Fraser cannot for a moment understand the question. The phantom rasp of Ray’s fingertips is still against his tongue, and he feels extremely alert, full of adrenaline, and more aroused than he is able to ignore. The usual balancing act between this and their outward interaction has become abruptly impossible to maintain.

Then he realizes that he is being asked for further conclusions.

“Ah,” Fraser says, and then, “Nothing new.”

They look at one another. Fraser considers that perhaps he ought to leave. Certainly they ought to stop being in the same place at this point, and this is Ray’s apartment, so it seems the only reasonable thing to do.

But before Fraser can piece enough of himself together to make his excuses, Ray says, “So what— should you try again?”

Ray’s eyes flicker down from Fraser’s face back to his own hand, and he flexes his fingers, briefly and perhaps unconsciously. Fraser feels slightly lightheaded. They are beyond any reasonable doubt at this point as to what Ray is asking and what Fraser is doing, and yet the situation still seems patently impossible. This feels like a dream, and not metaphorically so: like a strange and illogical cobbling together of latent preoccupations and desires, not quite believable in the real world.

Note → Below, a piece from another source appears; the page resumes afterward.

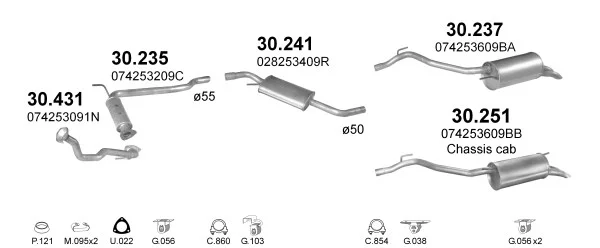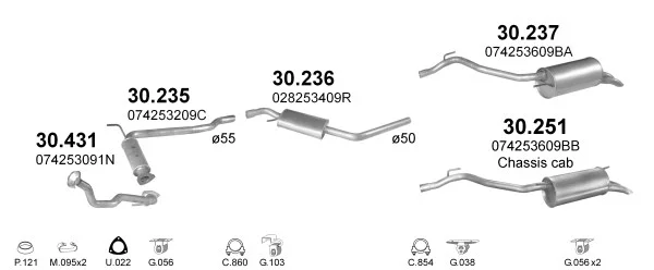 VW TRANSPORTER T4 Krabice (70A, 70H, 7DA, 7DH) 2.4 D - Výfukový systém - kompletní od 7/1990 do 4/1998, 2370 ccm, 57 kW, 78 hp, AAB, Krabice

Nonetheless, dream-like, Fraser picks up Ray’s hand again. He brings it close to his mouth, and then he presses the tip of his tongue gently and deliberately against the thin skin of Ray’s wrist. Here he can feel Ray’s pulse jumping, hard and fast. He has a disquieting impulse to bite down on Ray’s skin, which he pushes immediately to one side, although not before thinking that Ray might not stop him if he did.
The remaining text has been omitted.